- The Washington Times - Monday, August 29, 2005

Government agencies and private relief organizations flew into action yesterday in what some are describing as the largest mobilization ever for a natural disaster after Hurricane Katrina struck the Gulf Coast at dawn.

The American Red Cross said it is “mobilizing on all fronts to bring relief to storm victims” in the form of shelter for tens of thousands and hot meals for more than 500,000 people per day. The charity indicated its mobilization will be the “largest in history.”

“We are mobilizing all the resources the Red Cross can muster,” said Red Cross spokesman Pat McCrummen.

The response required is “bigger than any one agency can handle,” Mr. McCrummen said, adding that “federal, state and local agencies, disaster-relief organizations and the communities affected” will have to contribute.

James McIntyre, a spokesman, for the Federal Emergency Management Agency (FEMA), said: “Hurricane Katrina is still a dangerous storm. … Our first priority is life-saving efforts, and we’re also focusing on life-sustaining efforts.”



Mr. McIntyre said 23 medical assistance teams and two veterinary teams will be at work in Louisiana, Alabama, Mississippi and Florida.

Because of dangers such as fallen trees and downed power lines in parts of those states, FEMA teams had not been deployed to hard-hit areas.

“But we’re working to pre-position supplies, equipment and people so we can ensure a rapid response as soon as it is safe to do so,” Mr. McIntyre said yesterday.

Truckloads of goods including ice, water, generators and medical supplies are being delivered, he said.

In addition, he said, seven urban search and rescue teams were “pre-staged” in Jackson, Miss., and Shreveport, La., and will be used as needed to search for trapped flood victims.

The Red Cross set up more than 200 temporary shelters for those fleeing the storm.

Maj.
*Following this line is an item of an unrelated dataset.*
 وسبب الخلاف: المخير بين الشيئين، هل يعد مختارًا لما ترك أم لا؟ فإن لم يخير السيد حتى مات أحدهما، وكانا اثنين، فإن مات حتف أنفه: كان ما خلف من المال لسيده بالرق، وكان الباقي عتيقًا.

Dalton Cunningham, the Salvation Army’s divisional commander for Alabama, Louisiana and Mississippi, said the organization’s “response team is growing by the minute.”
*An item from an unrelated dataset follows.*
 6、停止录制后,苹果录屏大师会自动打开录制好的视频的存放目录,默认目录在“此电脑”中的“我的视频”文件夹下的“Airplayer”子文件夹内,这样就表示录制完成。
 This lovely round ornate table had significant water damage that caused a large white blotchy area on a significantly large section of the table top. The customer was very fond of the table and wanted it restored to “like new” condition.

Wal-Mart yesterday announced it would donate $1 million to the Salvation Army to assist victims of Hurricane Katrina. More than 800 Wal-Mart stores were closed yesterday in Gulf Coast states affected by the hurricane.

The Southern Baptist Convention, in coordination with the Red Cross and the Salvation Army, is helping prepare nearly 1 million hot meals for storm victims. Jim Burton, director of volunteer mobilization for the SBC’s North American Mission Board, said Baptist volunteers will be in charge of 29 kitchens.

The Salvation Army will be serving 400,000 hot meals daily at 250 shelters set up in New Orleans and at another 150 shelters in Mobile, Ala.

Meals also will be served from 72 mobile canteens and from two 54-foot mobile kitchens that can provide 20,000 hot meals per day. The Salvation Army said the kitchens will be dispatched after FEMA’s assessment of areas hardest hit by the hurricane.